Parkdale State School
After the September holidays, in1942, I started school at Parkdale. It was a big change from the two-story red brick Hawksburn to the much smaller school on Point Nepean Road. I was always scared and very nervous of new people and new situations, but I suppose all children become pragmatic when faced with something they cannot change. My teacher that year was Mrs. Warner. I had never been taught by a ‘Mrs.’ before but the war had brought back many married women teachers and they were never to leave the profession again. It must have been a saving for the Government at the time, as women received only 3/4 of a man’s wage. In the teaching profession the only promotion for a woman was to become an Infant Mistress. Mrs. Warner was what is called now, a good old-fashioned no nonsense teacher, very strong on spelling, tables, and mental arithmetic.
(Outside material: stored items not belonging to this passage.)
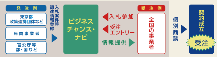 販路開拓融資「ビジネスチャンス・ナビ」は、東京都などの中小企業支援機関が運営する受注機会の拡大を目指す都内中小企業の皆様に利用いただけるメニューです
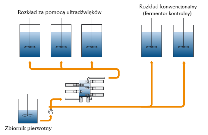 Poprzez ultradźwięki rozdzielana jest ciężka do rozłożenia biomasa bakteryjna,
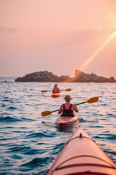 Professional photograph, fine art style, warm pastel colors, soft light, lens flare, kayakers in ocean near rocks, distant horizon, gentle soothing atmosphere, vibrant yet soft colors, photojournalistic style, soft contrast and saturati (3).jpg

Nancye Thomas with her bicycle, c1942.
I suppose the school was about two kilometres from our house and it had to be walked every day. It was a long walk but time was not important and Mum did not get home till five o’clock. I think in the sixth grade I was allowed to ride my bike but I don’t think distances worried any one then; there was so much to look at. We would go up McBean Street to the Corso then on to Alameda Street, along the shops, across the railway line and up Parkers Road to the Highway. There were no lollypop ladies in those days and we were always careful crossing the Highway as Mrs. Lawson’s daughter Dorothy had been killed on that road. The traffic was so slight that I am amazed how it could happen.
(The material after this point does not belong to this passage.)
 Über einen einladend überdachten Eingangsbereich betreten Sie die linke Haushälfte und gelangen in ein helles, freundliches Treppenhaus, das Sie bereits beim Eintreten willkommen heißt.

Children from Parkdale Primary School crossing Nepean Highway, 1962. Courtesy Leader Collection.
The school was set in ti-tree bush land and there were plenty of trees to sit under. I remember when I was in the Girl Guides we went a little way past the school grounds for our camp. That was where I learnt to cook sausages in banana skins. I don’t think they were a great success. It was very much a country school with few students and probably six teachers. I found it very small after the two-storied Hawksburn school and I really enjoyed the fact that I had much more freedom going and coming. No more buses or trams to worry about.
In grade 6 my teacher was Mr. Venn. His was a composite class of Grades 6, 7, and 8 and Grade 8 was the Merit year after which the pupils could leave school. There was no certainty that a pupil would advance to High School and at the end of Grade 6 an entrance exam was sat to choose the incomers to Mordialloc Chelsea High School. I was fortunate to pass this test and had five very happy years at this school, after which I finished my sixth year of secondary education at Frankston High school.